I lament for my people, the Igbo. We are sick, indeed very sick. But some of us do not even know that they are sick, which is the worst type of sickness, because it will not give them the opportunity to seek for treatment of the ailment.

The Igbo people appear to be the only true Nigerians. Every other group in the country puts on a semblance, a façade of true Nigerian. Since the Igbo believe so much in Nigeria, they think that every other group equally does the same.

Many Igbo people live false life, the life of fantasy, the life of schizophrenia. They are self-alienated, which in Hegel or in Marx’s term, means “otherness”, the life of externality, forgetting one’s self, and doing another person’s bidding. The Igbo have made and are still making a lot of sacrifices for Nigeria, and in the process, put always themselves into trouble.

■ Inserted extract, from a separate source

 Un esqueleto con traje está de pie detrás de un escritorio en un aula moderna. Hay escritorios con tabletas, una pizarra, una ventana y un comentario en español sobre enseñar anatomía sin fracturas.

When the Nigeria project was started in the nineteenth century, the Igbo welcomed it with open arms, and threw themselves wholeheartedly into the bargain. They left their home regions and began to spread out, like ants, to every other part of the country, no matter how remote or how difficult it was to access, just to make the Nigerian dream become a reality.

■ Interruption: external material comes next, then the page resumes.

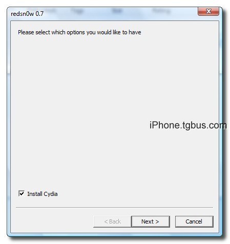 按照下面選擇install cydia(安裝cydia),繼續Next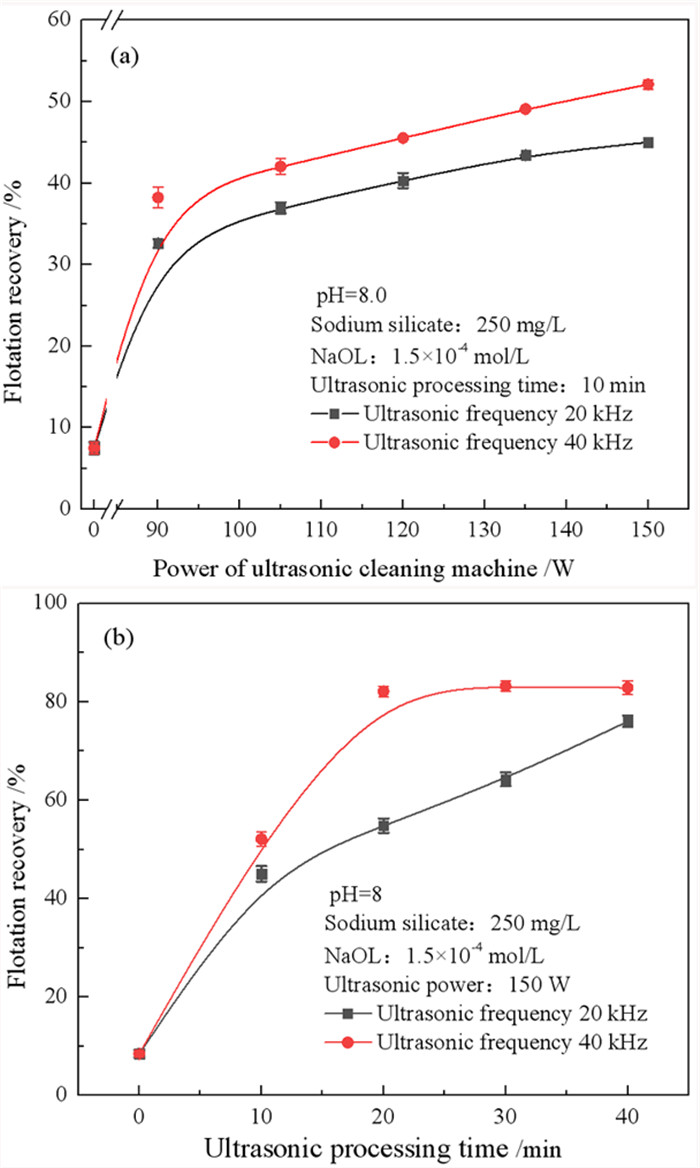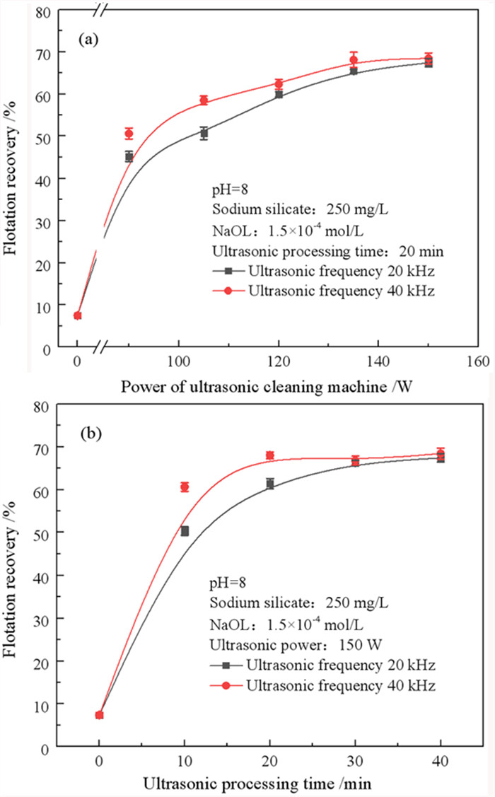 | 图 10 超声处理(超声波清洗机功率(a)和超声处理时间(b))水玻璃对方解石浮选回收率的影响 Fig.10 Effect of ultrasonic treatment (ultrasonic cleaning machine power (a) and ultrasonic treatment time (b)) sodium silicate on calcite flotation recovery |

The Igbo would settle wherever they went, took up any job, any business, not matter how menial, or how lowly it may be. They would build their own houses there, speak the people’s languages, and sometimes, marry their girls.

In course of time, the efforts of the Igbo, their doggedness, their indomitable spirit, their “can do” spirit, would begin to bear successful fruits, yield plentiful dividends, and they would begin to shine like a million stars in their places of abode. But very often, members of their host communities, and other groups around them, would not be happy. They would be jealous and envious of the progress of the Igbo.

In their consternation, in their morbid hatred for the Igbo, they would begin to see the people as their number one enemy. They would come to hate the Igbo, to accuse them of domineering and of monopolising everything in the place. This was exactly what led to the attacks and the killing of the Igbo in different parts of the country in the 1960s, and consequently, to the Nigerian civil war.

During the disturbances that led to that war, the Igbo deserted their places of abode, left their houses, their property, and their investments, and returned home to Igboland, for safety. At that time, many of them had sworn never again to return in their life, to those places where they were nearly killed, and where they had lost all their possessions.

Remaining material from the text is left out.